Lilies are sensible things, they don't bother to open on a dull day and knock off mid afternoon, to grab their beauty sleep, I presume. This summer, on the Isle of South Uist they flowered late and don't seem to have any intention of making up for lost summer hours. However, tangled in amongst the lilies is a second, autumn growth of watercress, which is rather exciting. Lily stems are considered a delicacy by some. I've yet to come up with a recipe that I find really tempting but the fiery taste of watercress Rorippa nasturtium -aquaticum however, is a most welcome addition to my September foraging basket. Unlike the nettle, which must be picked when young, older watercress stems are more flavoursome. There is a lookalike, aptly named Fool's Watercress but it is rather bland and won't poison you. The other issue with wild watercress is the larvae of the flat worm, liver fluke; so called because it destroys the livers of mammals including humans.
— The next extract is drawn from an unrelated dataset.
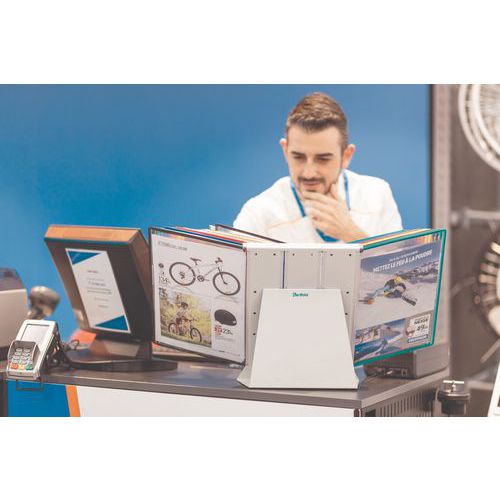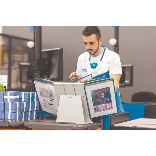 Questo supporto a parete consente di recuperare facilmente documenti importanti. Il supporto da scrivania protegge i documenti dalla polvere. Particolarmente adatto ad ambienti industriali.

For this reason avoid gathering watercress in slow flowing rivers, where cattle and sheep graze. Cooking will kill the parasite, so if in doubt cook your wild watercress.

Watercress like seaweed, is in vogue with those who are nutrient stir-crazy. I cook for taste and have yet to be convinced by superfood hype. I do however, cook with real, raw ingredients and have a healthy approach to foods that should be eaten in moderation. This said, the following recipe has two ingredients which may appeal to the health gurus, some local Machair potatoes, a shallot and water. I'm not overly worried by nutritional breakdowns but the ingredients (shallot aside) in this soup are local to the Isle. Watercress, dulse and potato soup is simple to make and is warming on a chilly autumn day.

Watercress, Dulse and Potato Soup.

2tbsps olive oil

Shallot, finely chopped

2 tbps. watercress stalks

2 medium potatoes, peeled diced

Tbps dried and flaked dulse

750ml water

2 large handfuls watercress leaves, washed

Heat the olive oil in a pan and sauté the shallot, watercress stalks, diced potatoes and dulse. Cook briefly for 2-3 minutes, stirring as necessary.

Add 3/4 of the water and bring the pan to the boil. Cover and simmer for c12-15 minutes until the potato is soft.

Add the watercress leaves and cook for a further 2-3 minutes.

Blend in a liquidiser and add water to desired consistency.

Return the soup to the pan, season to taste, reheat for 1-2 minutes and serve.